**TASK REQUIREMENTS:** Using the records below, write out only the lines from the line containing "Лента оградительная 75ммх100м" up to and including the line containing "La encomienda del", exactly, with no pictures.

Top of RECORDS SUPPLIED

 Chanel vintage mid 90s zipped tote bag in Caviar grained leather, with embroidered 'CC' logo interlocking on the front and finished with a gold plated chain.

Bottom of RECORDS SUPPLIED
Top of RECORDS SUPPLIED

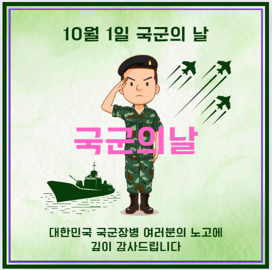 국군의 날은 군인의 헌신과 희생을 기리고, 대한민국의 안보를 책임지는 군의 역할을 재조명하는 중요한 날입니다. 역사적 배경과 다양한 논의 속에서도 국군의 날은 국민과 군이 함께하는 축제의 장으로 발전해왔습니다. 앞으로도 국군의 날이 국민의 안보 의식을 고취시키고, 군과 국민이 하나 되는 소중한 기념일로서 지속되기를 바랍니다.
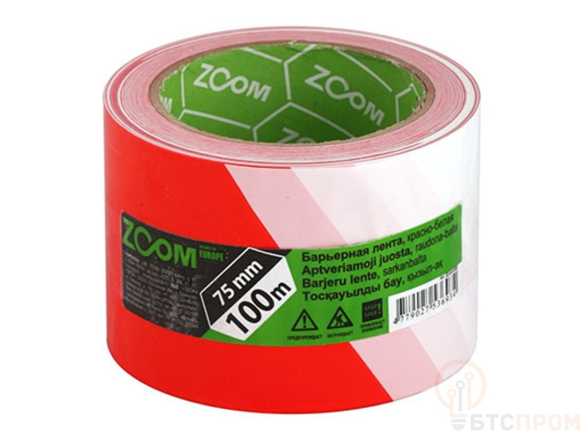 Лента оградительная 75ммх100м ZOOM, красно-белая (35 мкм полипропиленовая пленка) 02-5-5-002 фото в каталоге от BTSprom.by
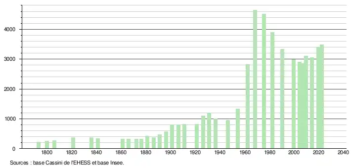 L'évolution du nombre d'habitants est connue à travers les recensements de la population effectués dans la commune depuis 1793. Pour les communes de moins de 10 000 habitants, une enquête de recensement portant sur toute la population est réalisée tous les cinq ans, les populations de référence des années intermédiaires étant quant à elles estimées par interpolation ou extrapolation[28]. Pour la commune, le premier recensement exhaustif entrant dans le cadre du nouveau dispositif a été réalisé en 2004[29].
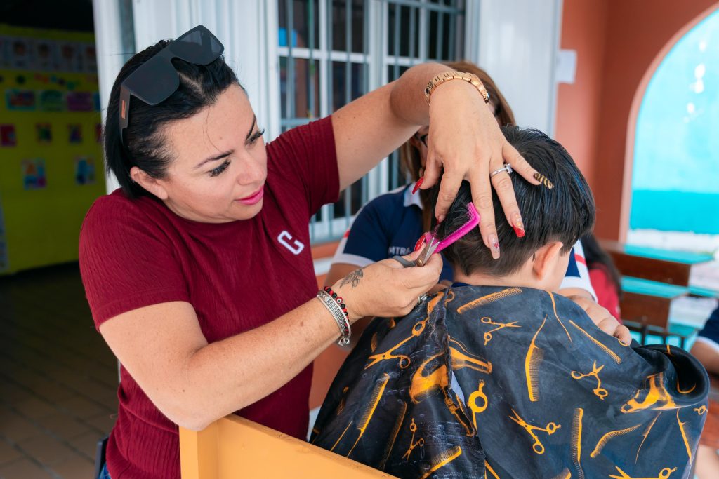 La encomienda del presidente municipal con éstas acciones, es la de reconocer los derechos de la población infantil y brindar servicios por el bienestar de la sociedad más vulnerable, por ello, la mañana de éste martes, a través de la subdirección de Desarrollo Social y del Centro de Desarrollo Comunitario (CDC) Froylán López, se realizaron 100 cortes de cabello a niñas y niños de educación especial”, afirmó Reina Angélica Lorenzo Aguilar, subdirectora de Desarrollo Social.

Bottom of RECORDS SUPPLIED

**OUTPUT:**
 Лента оградительная 75ммх100м ZOOM, красно-белая (35 мкм полипропиленовая пленка) 02-5-5-002 фото в каталоге от BTSprom.by
 L'évolution du nombre d'habitants est connue à travers les recensements de la population effectués dans la commune depuis 1793. Pour les communes de moins de 10 000 habitants, une enquête de recensement portant sur toute la population est réalisée tous les cinq ans, les populations de référence des années intermédiaires étant quant à elles estimées par interpolation ou extrapolation[28]. Pour la commune, le premier recensement exhaustif entrant dans le cadre du nouveau dispositif a été réalisé en 2004[29].
 La encomienda del presidente municipal con éstas acciones, es la de reconocer los derechos de la población infantil y brindar servicios por el bienestar de la sociedad más vulnerable, por ello, la mañana de éste martes, a través de la subdirección de Desarrollo Social y del Centro de Desarrollo Comunitario (CDC) Froylán López, se realizaron 100 cortes de cabello a niñas y niños de educación especial”, afirmó Reina Angélica Lorenzo Aguilar, subdirectora de Desarrollo Social.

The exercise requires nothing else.